October has held many momentous market selloffs.
This October stands out for a different reason.
Instead of momentous selloffs like we saw in 1929, 1987, 2008 and to a lesser degree in 2018, This October marked the emergence of a new investment paradigm.
In October, Bitcoin (+29%) outperformed the S&P 500 (-2.2%) by over 31%, marking its break as another risk asset as investors appreciate its place in the growing digital economy.
Last month, I cited disappointment with Janet Yellen's understatement of the U.S. Government's debt/ GDP, 98% vs. 120%. The exclusion of the inter agency borrowing is disingenuous at a minimum. Apparently Moody's agrees.
This past Friday, Moody's credit rating agency changed its outlook in U.S. Federal debt to negative from stable.
Per Moody’s,
“This is the new environment for rates. Our expectation is that these higher rates and deficits around 6% of GDP for the next several years, and possibly higher, means that debt affordability will continue to pressure the US.”
This NOT the death of the U.S. as a super power, but it does invite change.
Including the ability of the U.S.
to fund two wars as Janet Yellen asserted last month.
And investors are not waiting to see what this new paradigm of higher rates, and record levels of debt does mean for the economy, equities and bonds.

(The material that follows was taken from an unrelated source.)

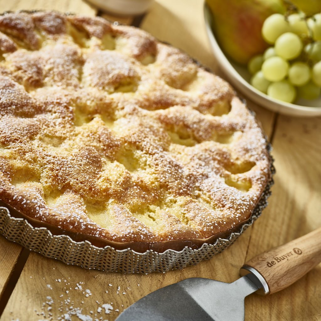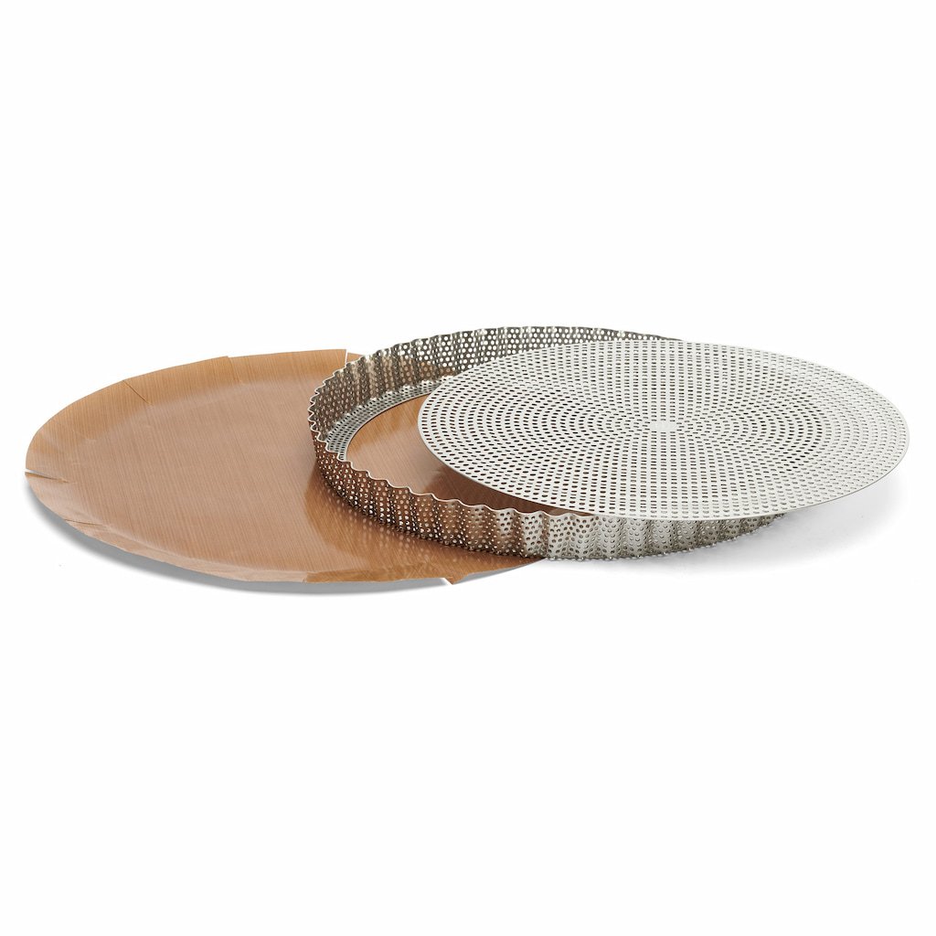 - a perforált rozsdamentes acélból készült kerek tortaforma ideális édes és sós torták készítéséhez otthoni és professzionális környezetben egyaránt

In Friday's report, we present some metrics that validate what we call the The Great Immigration to Bitcoin and Ethereum.
Gone are the migratory behaviors of the tourists and scoundrels of 2021 - in their stead are immigrants that stay and build, e.g. BlackRock, Fidelity, Ark and before them firms like 3iQ.
And these firms are finding data to validate the build.
Spoiler Alert, both BTC and ETH have higher cash flow/ share (coin) than Visa, and Price / Book values that are more akin to NVIDIA and Microsoft than TradFi financial firms like JP Morgan and Visa.
Bitcoin's network functioning involves complexities that are beyond the metrics captured in a Price to Book ratio...but it is indicative of a legacy metric that incorrectly relays value in terms of tangible assets.
Back to the Signal of October.
The timing of our report, after October's performance distinction by BTC and as Moody's shifted its Outlook on U.S. Debt to negative is NOT serendipity, rather inevitable as we wrote here....
“The failure of SVB in March was a reminder that bank deposits can move in seconds, rendering a bank’s investment in bricks, mortar and centralized databases of limited utility.
Instead, we see the asset light, decentralized platforms that power BTC and ETH as the natural evolution in payments, settlements and the industry en masse.”